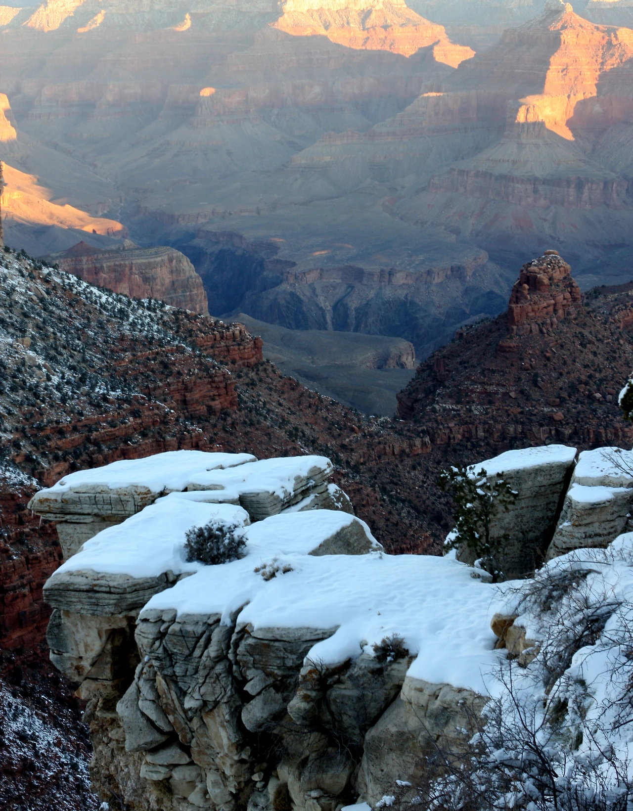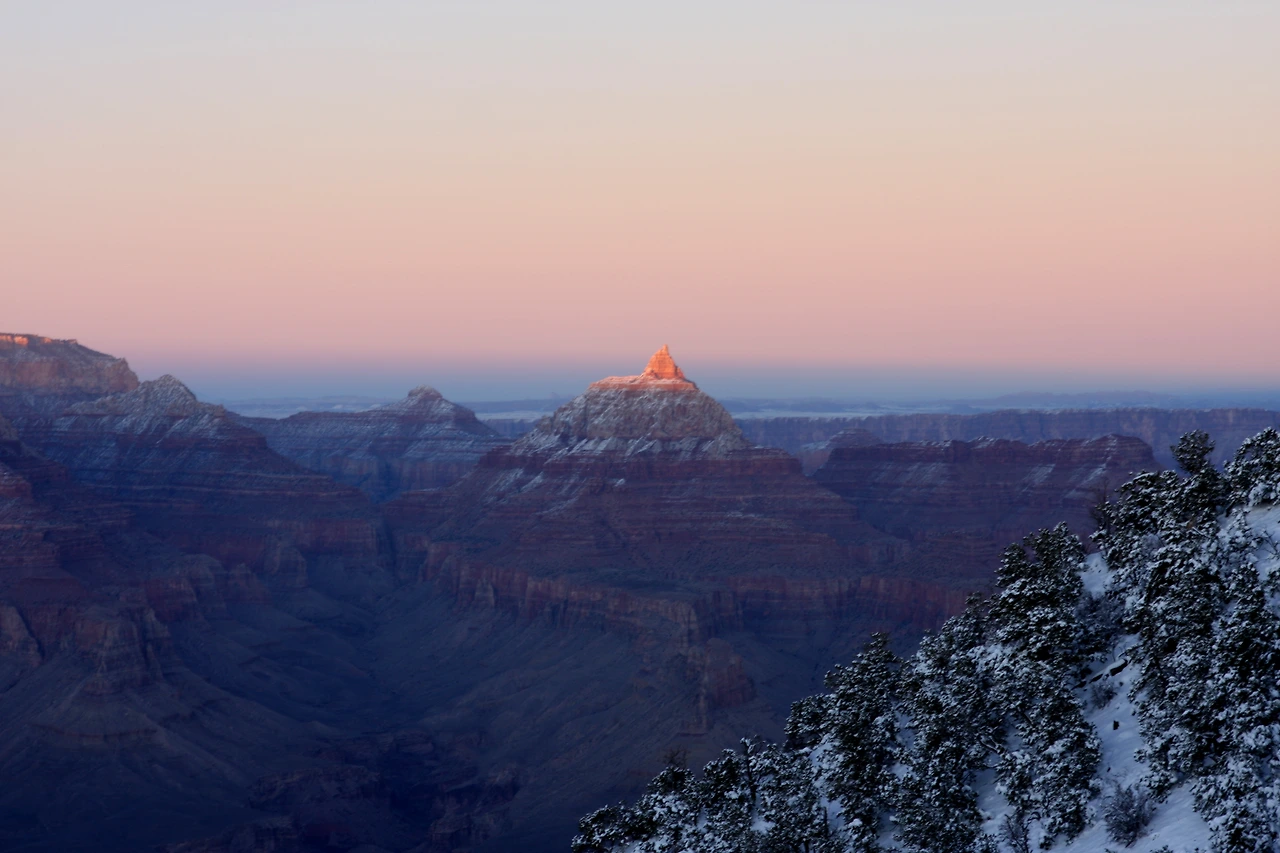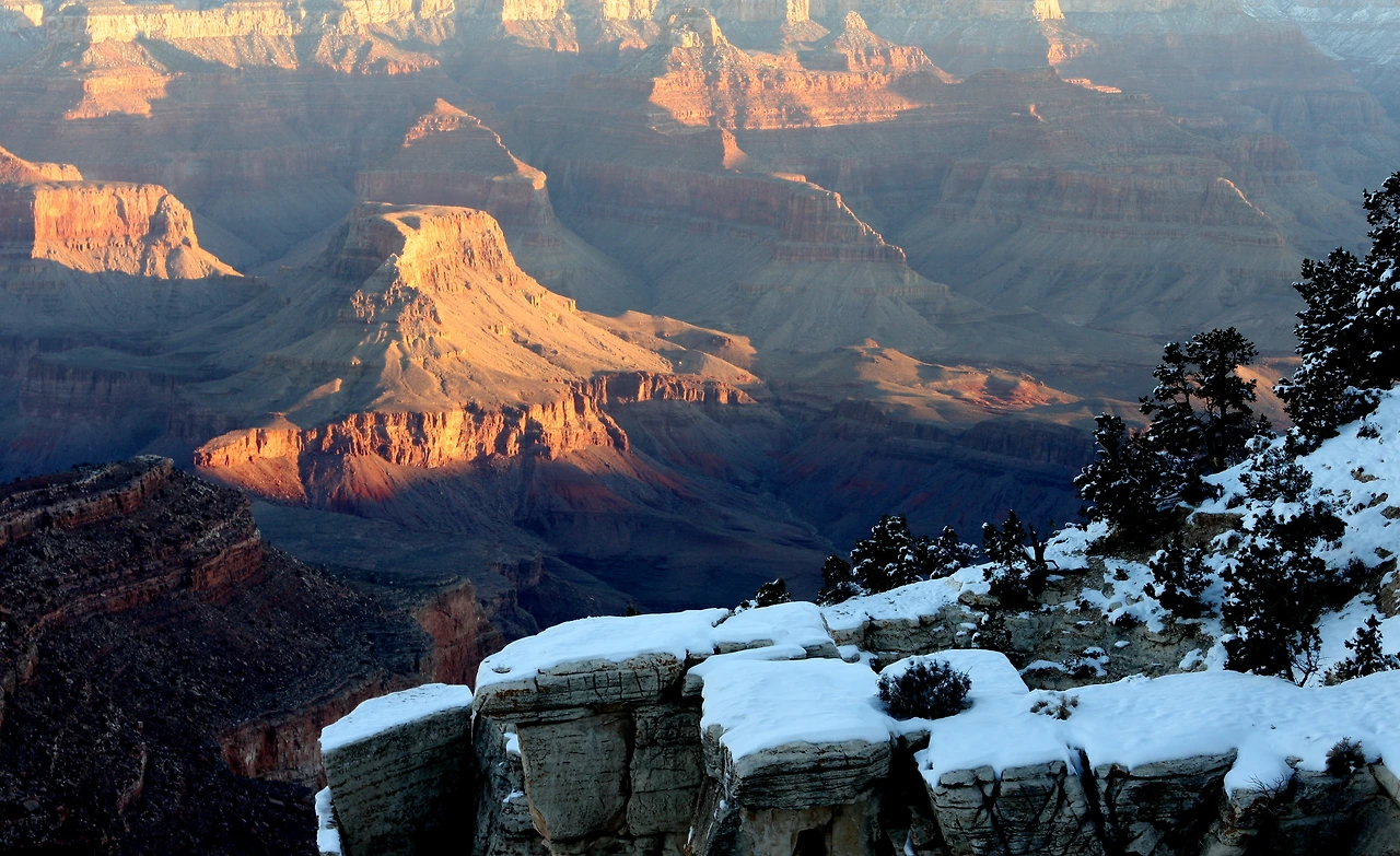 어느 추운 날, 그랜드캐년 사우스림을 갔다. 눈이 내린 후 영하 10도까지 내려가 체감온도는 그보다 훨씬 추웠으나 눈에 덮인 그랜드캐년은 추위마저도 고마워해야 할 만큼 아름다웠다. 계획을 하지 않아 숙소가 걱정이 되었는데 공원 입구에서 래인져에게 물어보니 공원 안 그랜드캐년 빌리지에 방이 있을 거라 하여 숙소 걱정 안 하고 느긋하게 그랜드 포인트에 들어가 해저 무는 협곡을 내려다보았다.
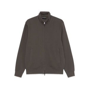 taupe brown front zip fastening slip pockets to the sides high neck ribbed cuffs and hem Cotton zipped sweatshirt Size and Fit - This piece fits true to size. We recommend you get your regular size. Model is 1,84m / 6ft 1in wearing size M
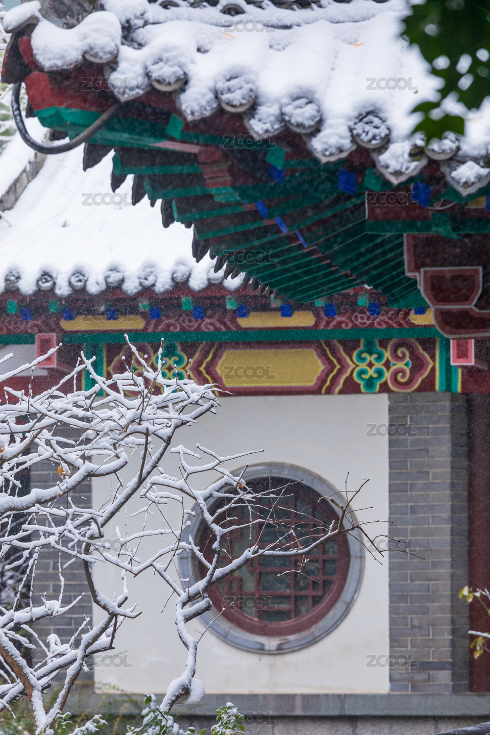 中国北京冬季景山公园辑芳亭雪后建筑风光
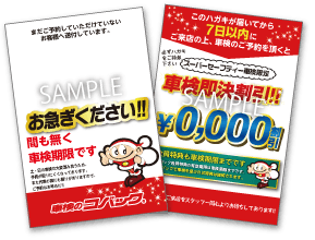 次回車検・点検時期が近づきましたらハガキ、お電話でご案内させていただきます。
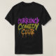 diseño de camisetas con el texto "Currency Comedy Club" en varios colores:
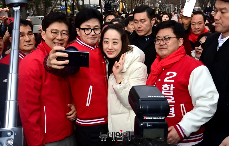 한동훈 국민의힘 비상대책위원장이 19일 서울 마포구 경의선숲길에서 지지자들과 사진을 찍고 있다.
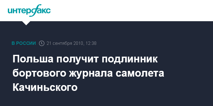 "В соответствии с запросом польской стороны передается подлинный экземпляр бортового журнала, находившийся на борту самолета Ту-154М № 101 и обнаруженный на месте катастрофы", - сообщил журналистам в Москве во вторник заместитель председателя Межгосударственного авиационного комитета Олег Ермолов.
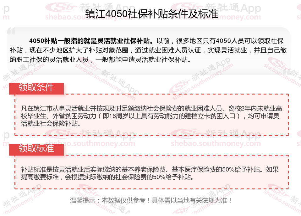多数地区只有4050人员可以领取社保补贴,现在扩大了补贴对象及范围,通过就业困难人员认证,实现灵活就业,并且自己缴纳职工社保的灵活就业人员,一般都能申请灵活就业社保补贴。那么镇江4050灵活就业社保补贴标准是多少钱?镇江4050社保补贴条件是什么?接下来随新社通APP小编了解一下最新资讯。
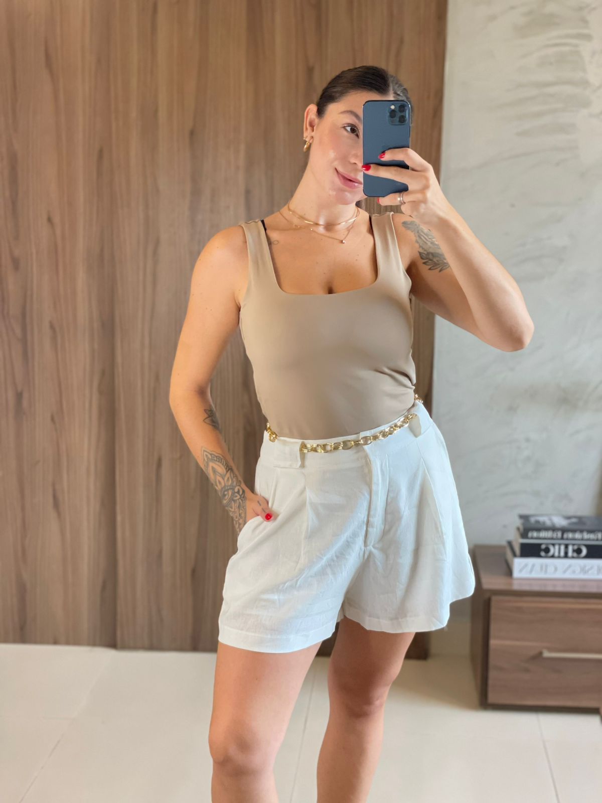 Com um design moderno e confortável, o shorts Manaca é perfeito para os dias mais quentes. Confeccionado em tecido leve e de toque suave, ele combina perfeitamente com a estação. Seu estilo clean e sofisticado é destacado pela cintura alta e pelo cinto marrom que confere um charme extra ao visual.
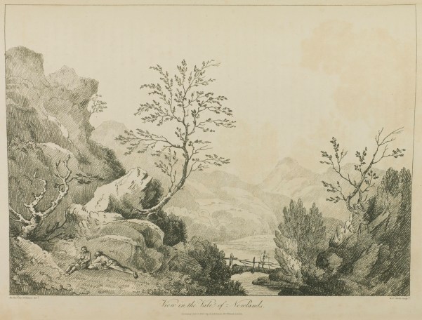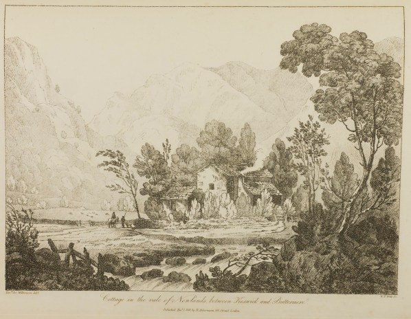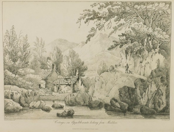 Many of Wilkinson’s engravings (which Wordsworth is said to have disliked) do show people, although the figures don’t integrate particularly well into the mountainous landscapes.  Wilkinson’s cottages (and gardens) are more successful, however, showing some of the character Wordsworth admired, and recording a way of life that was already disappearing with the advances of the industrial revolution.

**PROBLEM REQUIREMENTS**
Lines before the one containing "Com um design" are not wanted; write out that line and every later line through the end of the data above, exactly, without pictures.

**RESULT OF THIS EXERCISE**
 Com um design moderno e confortável, o shorts Manaca é perfeito para os dias mais quentes. Confeccionado em tecido leve e de toque suave, ele combina perfeitamente com a estação. Seu estilo clean e sofisticado é destacado pela cintura alta e pelo cinto marrom que confere um charme extra ao visual.
 Many of Wilkinson’s engravings (which Wordsworth is said to have disliked) do show people, although the figures don’t integrate particularly well into the mountainous landscapes.  Wilkinson’s cottages (and gardens) are more successful, however, showing some of the character Wordsworth admired, and recording a way of life that was already disappearing with the advances of the industrial revolution.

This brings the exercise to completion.